I can’t remember the first time I set foot inside Sir Henrys and I can’t remember the last time either but I remember clearly where the rose was sown.
I was a weedy teenager during the summer of 1982 [and for several other summers thereafter] when my father arranged a part-time job for me, my first. For eight weeks I stacked shelves and packed shopping bags, without any great distinction, in Roches Stores on Patrick Street. On my first day I was assigned to the biscuit aisle ;- on my second, to stack sanitary towels in the female toiletries section. I was asked by one of my co-workers – an older man whose hands were pock-marked with Indian ink – if I’d ever been ‘inside’. I was a teenage boy from Blackpool and, even thirty years ago, it was an obvious question.
Before the end of the summer I’d struck up with another pair of part-timers who made like they knew their music. One was obsessed with a nascent Dublin group called U2 and appeared to have form. He wore a bouffant centre parting in his hair, managed regularly by twin combs, clearly in honour of the band’s drummer. The other seemed to know quite a bit about Ireland’s darker underbelly. Dave Fanning, Hot Press, hash. Such things.
There was loose banter in the store-room one day about Sir Henry’s, with which both of my colleagues were familiar. There was a framed U2 poster to one side of the venue, apparently. Signed by the band. U2 liked Cork and someone’s relation helped them to set up their drums. I’d regularly seen Sir Henry’s from the outside. Hadden’s Bakery on North Main Street was on my family’s regular beat and, in the days long before paid parking, we’d frequently pull the car up outside.

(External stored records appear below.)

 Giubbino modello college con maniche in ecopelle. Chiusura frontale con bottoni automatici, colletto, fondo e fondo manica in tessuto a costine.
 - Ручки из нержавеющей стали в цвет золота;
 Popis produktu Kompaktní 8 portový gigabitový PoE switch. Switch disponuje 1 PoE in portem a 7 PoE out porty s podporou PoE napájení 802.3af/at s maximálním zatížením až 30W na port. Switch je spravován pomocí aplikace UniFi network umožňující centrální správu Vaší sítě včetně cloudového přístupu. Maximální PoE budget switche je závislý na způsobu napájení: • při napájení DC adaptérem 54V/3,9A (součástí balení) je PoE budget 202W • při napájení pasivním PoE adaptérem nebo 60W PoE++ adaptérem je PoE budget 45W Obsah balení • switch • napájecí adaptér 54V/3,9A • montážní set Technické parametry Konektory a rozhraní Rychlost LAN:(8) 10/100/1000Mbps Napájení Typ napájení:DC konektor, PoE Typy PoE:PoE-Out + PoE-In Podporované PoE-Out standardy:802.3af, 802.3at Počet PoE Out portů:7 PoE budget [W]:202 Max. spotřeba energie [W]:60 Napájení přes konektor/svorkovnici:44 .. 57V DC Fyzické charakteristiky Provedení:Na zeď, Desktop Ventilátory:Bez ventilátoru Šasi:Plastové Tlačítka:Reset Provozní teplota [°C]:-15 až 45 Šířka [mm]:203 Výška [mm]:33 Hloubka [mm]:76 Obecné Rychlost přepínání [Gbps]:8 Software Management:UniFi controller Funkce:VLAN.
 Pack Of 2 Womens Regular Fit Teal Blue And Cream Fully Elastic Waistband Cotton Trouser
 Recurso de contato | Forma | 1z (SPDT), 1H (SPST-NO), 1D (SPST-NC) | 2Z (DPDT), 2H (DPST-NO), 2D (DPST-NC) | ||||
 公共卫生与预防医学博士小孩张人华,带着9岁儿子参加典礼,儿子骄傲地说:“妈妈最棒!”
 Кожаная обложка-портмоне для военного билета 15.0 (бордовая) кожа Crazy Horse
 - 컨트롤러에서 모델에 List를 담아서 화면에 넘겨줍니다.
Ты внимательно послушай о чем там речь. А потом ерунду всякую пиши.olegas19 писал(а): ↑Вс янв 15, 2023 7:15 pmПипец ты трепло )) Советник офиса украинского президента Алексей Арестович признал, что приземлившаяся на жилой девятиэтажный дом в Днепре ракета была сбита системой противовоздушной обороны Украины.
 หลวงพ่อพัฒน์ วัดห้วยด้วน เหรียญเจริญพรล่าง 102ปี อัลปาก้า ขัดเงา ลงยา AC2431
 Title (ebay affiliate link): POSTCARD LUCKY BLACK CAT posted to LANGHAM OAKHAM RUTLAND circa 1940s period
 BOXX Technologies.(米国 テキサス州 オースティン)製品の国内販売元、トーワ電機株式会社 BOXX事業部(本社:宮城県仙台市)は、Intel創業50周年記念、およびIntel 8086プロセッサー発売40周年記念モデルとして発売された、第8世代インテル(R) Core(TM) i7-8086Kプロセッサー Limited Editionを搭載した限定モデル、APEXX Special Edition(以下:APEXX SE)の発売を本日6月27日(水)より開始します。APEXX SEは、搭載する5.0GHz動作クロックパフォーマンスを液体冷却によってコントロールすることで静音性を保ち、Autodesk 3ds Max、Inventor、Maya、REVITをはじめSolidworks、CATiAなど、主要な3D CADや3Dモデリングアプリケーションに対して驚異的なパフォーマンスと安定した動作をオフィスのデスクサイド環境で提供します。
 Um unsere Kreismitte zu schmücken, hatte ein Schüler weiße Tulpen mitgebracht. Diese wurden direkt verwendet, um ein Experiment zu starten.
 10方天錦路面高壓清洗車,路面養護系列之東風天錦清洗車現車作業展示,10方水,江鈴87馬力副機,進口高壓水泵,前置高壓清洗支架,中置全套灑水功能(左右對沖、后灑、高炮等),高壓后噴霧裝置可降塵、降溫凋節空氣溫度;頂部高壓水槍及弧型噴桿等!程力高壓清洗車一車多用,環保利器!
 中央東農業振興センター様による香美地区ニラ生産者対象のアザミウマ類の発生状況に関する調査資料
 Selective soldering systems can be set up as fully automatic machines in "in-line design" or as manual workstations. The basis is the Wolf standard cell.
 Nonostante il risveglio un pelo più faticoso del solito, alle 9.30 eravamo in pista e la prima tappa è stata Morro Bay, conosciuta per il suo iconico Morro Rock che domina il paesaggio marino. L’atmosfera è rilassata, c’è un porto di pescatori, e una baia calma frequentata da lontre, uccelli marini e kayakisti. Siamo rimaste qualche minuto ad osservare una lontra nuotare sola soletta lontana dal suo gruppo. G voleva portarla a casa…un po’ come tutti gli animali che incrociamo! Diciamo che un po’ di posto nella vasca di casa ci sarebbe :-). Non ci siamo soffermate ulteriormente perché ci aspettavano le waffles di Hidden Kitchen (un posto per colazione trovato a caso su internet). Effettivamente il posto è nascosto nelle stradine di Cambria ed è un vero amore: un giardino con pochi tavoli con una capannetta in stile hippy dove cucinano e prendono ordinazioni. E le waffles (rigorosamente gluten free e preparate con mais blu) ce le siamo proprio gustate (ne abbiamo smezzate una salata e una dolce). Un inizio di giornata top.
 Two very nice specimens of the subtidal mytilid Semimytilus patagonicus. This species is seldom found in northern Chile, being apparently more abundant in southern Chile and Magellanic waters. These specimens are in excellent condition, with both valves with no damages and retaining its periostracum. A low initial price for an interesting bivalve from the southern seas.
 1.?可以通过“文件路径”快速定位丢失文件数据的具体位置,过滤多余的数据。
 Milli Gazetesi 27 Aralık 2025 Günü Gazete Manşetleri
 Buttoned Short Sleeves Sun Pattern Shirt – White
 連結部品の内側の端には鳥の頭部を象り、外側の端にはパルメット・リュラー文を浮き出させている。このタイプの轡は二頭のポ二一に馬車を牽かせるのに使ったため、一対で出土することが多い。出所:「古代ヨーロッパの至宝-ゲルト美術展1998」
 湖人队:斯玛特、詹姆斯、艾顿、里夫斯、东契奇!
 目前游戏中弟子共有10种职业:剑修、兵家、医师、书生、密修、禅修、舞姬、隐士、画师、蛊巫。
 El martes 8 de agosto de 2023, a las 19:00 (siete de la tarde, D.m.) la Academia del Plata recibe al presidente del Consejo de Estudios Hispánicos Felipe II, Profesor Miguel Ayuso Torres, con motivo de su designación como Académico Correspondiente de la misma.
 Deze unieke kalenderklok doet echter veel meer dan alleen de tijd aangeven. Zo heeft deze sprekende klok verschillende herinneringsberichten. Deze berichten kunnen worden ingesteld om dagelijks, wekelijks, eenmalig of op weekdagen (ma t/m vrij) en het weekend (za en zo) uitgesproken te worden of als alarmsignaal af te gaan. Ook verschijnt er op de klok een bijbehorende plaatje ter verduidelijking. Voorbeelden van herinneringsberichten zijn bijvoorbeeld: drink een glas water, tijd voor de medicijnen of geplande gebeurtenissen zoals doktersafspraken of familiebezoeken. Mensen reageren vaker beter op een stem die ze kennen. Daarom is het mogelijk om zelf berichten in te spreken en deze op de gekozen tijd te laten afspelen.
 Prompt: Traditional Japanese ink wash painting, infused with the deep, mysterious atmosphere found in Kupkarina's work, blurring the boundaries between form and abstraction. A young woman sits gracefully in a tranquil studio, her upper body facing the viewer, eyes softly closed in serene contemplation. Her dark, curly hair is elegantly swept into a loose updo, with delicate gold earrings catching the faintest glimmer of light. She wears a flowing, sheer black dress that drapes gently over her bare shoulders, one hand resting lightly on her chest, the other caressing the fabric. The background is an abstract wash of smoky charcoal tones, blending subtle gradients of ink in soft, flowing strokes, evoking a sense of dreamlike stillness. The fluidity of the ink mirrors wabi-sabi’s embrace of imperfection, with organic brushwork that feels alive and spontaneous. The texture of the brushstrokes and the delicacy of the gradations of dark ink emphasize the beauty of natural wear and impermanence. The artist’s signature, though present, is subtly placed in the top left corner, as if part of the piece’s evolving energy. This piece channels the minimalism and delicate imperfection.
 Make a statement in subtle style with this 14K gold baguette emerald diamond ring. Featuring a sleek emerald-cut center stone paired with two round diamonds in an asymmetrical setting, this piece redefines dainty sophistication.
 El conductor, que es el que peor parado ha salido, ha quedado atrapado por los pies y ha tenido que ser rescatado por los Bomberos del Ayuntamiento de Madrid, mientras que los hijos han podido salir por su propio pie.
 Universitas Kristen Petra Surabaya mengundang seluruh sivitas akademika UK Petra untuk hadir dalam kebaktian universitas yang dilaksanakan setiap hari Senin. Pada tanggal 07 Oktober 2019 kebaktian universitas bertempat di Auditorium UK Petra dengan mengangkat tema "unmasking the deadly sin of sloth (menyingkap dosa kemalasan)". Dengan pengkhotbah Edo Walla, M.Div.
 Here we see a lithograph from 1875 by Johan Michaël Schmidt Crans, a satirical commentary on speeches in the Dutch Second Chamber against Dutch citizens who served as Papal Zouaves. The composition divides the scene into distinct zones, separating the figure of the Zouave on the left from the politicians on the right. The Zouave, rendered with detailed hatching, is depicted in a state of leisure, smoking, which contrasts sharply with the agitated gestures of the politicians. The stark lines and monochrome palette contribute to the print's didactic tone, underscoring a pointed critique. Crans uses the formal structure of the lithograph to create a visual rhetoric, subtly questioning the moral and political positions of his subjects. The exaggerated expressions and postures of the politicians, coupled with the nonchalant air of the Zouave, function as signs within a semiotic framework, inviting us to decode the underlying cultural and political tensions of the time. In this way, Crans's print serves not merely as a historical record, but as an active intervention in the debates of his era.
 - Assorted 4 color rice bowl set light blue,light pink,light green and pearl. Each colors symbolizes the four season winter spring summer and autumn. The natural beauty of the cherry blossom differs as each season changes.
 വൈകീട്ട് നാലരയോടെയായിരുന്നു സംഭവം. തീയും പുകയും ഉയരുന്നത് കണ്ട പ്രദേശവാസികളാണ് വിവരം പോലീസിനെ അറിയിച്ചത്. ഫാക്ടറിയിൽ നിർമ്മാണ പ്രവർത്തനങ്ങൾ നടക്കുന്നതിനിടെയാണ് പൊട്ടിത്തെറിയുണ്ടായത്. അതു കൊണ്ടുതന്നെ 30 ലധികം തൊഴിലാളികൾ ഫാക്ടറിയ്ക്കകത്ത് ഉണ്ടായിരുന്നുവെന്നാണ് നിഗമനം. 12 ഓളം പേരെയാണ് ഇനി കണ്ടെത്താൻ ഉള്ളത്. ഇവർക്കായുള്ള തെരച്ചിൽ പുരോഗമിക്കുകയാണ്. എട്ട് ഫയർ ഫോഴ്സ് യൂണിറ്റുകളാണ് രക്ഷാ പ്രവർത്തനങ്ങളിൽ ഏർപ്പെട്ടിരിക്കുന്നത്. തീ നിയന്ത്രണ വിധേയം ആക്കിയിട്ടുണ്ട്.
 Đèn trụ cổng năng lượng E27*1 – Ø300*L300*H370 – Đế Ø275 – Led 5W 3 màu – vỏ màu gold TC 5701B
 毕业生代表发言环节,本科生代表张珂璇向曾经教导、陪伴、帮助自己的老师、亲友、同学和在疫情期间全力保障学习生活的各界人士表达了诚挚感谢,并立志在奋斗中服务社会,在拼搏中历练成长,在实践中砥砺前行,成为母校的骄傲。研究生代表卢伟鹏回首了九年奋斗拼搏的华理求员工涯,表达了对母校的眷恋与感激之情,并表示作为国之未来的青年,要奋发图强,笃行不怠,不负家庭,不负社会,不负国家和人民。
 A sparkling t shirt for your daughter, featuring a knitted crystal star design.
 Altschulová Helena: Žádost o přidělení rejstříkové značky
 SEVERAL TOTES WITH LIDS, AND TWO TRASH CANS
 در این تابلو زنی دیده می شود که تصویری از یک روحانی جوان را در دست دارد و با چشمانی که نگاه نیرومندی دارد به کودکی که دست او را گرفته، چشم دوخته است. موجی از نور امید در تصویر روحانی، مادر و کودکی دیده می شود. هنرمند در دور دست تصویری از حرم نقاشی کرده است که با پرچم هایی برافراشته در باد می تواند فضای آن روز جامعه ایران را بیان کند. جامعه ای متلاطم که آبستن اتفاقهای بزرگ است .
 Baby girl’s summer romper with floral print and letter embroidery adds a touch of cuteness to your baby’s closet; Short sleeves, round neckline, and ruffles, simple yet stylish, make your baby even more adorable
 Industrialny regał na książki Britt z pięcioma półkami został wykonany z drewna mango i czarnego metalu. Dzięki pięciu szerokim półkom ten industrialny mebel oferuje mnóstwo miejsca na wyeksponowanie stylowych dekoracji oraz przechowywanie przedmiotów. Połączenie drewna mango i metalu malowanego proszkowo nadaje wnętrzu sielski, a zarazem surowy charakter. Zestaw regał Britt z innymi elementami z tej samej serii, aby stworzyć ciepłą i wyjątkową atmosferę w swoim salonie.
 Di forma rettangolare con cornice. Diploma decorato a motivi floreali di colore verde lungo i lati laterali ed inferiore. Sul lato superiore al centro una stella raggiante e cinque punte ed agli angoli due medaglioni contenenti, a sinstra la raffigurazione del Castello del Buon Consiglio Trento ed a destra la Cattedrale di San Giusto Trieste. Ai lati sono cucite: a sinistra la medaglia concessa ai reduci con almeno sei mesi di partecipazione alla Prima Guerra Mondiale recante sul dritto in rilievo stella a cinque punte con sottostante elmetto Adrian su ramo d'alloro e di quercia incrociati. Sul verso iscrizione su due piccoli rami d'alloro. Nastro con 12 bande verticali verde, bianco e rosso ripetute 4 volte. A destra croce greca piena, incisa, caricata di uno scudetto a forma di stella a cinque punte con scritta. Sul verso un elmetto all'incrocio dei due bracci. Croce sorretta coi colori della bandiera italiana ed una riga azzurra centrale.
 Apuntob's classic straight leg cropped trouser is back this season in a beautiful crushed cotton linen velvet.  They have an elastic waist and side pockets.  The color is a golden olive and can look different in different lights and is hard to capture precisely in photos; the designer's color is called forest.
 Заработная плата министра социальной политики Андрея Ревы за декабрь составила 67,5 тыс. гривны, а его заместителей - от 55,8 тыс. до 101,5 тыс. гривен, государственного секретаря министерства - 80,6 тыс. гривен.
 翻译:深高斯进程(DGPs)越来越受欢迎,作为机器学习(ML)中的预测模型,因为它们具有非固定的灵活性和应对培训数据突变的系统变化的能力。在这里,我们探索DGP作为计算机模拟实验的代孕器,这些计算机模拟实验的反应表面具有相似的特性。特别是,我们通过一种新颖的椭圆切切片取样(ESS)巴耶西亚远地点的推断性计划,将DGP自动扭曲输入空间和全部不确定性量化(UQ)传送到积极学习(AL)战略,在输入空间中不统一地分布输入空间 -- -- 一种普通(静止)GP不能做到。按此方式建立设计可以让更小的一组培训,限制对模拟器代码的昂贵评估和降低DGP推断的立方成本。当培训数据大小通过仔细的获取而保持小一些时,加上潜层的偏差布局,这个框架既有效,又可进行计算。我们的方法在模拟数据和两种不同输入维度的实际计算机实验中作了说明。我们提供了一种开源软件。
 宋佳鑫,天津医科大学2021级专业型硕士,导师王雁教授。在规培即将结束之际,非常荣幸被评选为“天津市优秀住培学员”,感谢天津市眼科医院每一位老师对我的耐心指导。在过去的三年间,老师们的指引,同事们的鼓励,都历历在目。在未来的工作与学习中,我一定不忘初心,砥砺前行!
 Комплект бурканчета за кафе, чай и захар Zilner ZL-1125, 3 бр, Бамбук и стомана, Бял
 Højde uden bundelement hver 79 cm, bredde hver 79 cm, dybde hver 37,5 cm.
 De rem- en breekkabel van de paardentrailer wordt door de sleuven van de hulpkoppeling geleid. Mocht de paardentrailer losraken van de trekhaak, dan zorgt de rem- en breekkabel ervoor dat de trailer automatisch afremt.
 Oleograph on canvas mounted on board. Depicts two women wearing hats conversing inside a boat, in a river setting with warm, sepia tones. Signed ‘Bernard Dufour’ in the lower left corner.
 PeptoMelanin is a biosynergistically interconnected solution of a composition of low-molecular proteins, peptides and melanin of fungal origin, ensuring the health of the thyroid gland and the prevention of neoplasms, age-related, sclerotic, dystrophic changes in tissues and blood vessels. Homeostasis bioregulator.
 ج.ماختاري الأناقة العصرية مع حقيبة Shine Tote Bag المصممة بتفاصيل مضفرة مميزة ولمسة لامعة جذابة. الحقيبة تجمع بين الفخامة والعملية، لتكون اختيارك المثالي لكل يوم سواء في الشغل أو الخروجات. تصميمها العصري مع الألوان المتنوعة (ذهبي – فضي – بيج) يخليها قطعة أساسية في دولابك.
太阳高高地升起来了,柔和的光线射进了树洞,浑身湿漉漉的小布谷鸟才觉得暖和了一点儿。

The place looked like a right toilet, but I never imagined that it would look even worse on the inside.
Myself and my friends were regulars at Sir Henry’s from around 1987 until 1994, when I left Cork for good. It was somewhere we went to hear live music and see bands, good, bad and often un-naturally ugly. Back then, when we knew nothing and cared less, music meant the world. And Sir Henry’s was one of the foundation blocks.
The place hosted some truly memorable nights and some remarkable live shows and, even at a distance of twenty five years I can clearly recall the most minor moments of some of the better ones.
In terms of Irish bands, it was in Sir Henry’s that Power of Dreams, The Sultans, The Franks, Engine Alley, The Subterraneans and Therapy? flowered in their pomp. It was in Henry’s too that arguably the finest and most perpetually ignored of them all, Into Paradise, played like their necks were on the line to a meagre scattering of, maybe, fifty people at a push. If anything captured their career in a snapshot, it was the continued indifference of Cork audiences. If you couldn’t persuade Henry’s, you didn’t matter where it mattered. Sir Henry’s could be cold and unforgiving and, while many were called, only the few were eventually annointed.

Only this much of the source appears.